Proprietary technology. Something special, something that is distinguished in a competitive landscape.

An opportunity for market leadership. We would not seek to go into a market and be a second-tier player. We would seek to go into the market and do what we have done in Settlement, in eDiscovery and Bankruptcy and be either the player in that marketplace or a generally acknowledged, very top-tier competitor in a small bracket of other companies.

Bundling product and service together is something we do very well. So again, our software products are not simply left in the customers' hands, but they're rounded out. They're complemented. We have revenue streams attached to them with all of the value-added services that we provide.

And we have a particular interest in revenue models that include some sort of recurring component. While it is true that there are project-based orientations in many of our markets, these are -- can be very long-term projects that have recurring revenue every month over the course of a long-term customer engagement.

So those are some characteristics that encapsulate the company as a whole. I'd now like to introduce my colleague, Laura Kibbe. Laura has been with Epiq Systems here in New York since 2009. She is a Managing Director for Expert and Professional Services in our eDiscovery division here in New York, and she's going to tell us a bit more about the eDiscovery business in detail.

Laura Kibbe

Thanks, Chris, and good morning, everyone. I'd like to talk to you today about our eDiscovery business generally and why we believe it's such an exciting time to be in the eDiscovery market.
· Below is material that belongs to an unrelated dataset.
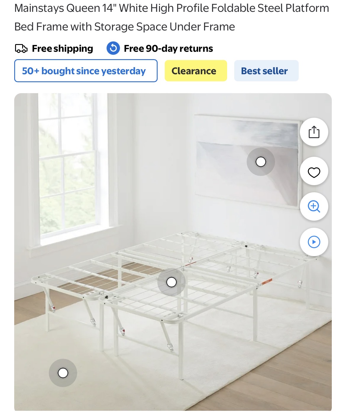 Mainstays Queen 14" White High Profile Foldable Steel Platform #D69

In addition to our traditional -- what I'll call traditional eDiscovery projects, the litigations, the investigations, the second requests, where our clients are charged with gathering large amounts of data and sifting and sorting through it to get the documents that they need to produce to a regulator, to an opponent in court or to the government to get a merger or sale approved,

we are seeing a whole new opportunity in the marketplace as well. I recently heard an analyst describe our market as previously in its infancy, and now it's in toddlerhood. And it is in toddlerhood approaching maturity. And I actually thought that was a really great analogy because, think about it, when you're a toddler, you're learning the basics. You're getting the groundwork in place. You're learning how to do all the basic skills. As you start to mature, you take all those skills, and you start weaving them in different baskets, expanding your reach. And that's exactly what we're seeing in the eDiscovery market today. We're seeing a broader use for our traditional tools and services that are really the same package, just a little bit different flavor with a little bit different audience. And that means tremendous growth opportunities for us as well as more solutions that we can offer to our clients.

The information management piece, this -- the growing globalization of the business, the data proliferation that we're seeing all over the world, is really what's fueling this. So the needs are growing every day for our clients in the traditional sector and in new ways. And I think that's evidenced by the recent research analysts who look at the industry and say, "You know, we're really looking at strong, double-digit growth through 2017. And we're looking at a $10 billion market." That's a huge marketplace for us to play in with all kinds of different needs to meet. And it's a very exciting time to, as Chris said, have our proprietary and our best-of-breed, third-party tools to be able to create the solutions that our clients are going to need in the years to come.

Why are we in this mess? It's easy, very easy. Big data. It's all the buzz lately. There have been reports about it in the newspapers and the magazines. And I would like to bring it back to us individually. Look at your own email box. How many emails do you get every day? Are you deleting them? Or are you, well, yes, I read them and you never really get that time to go back and clean up the email? Well, that's exactly what's happening everywhere in the world in all of our clients today, law firms, corporations everywhere.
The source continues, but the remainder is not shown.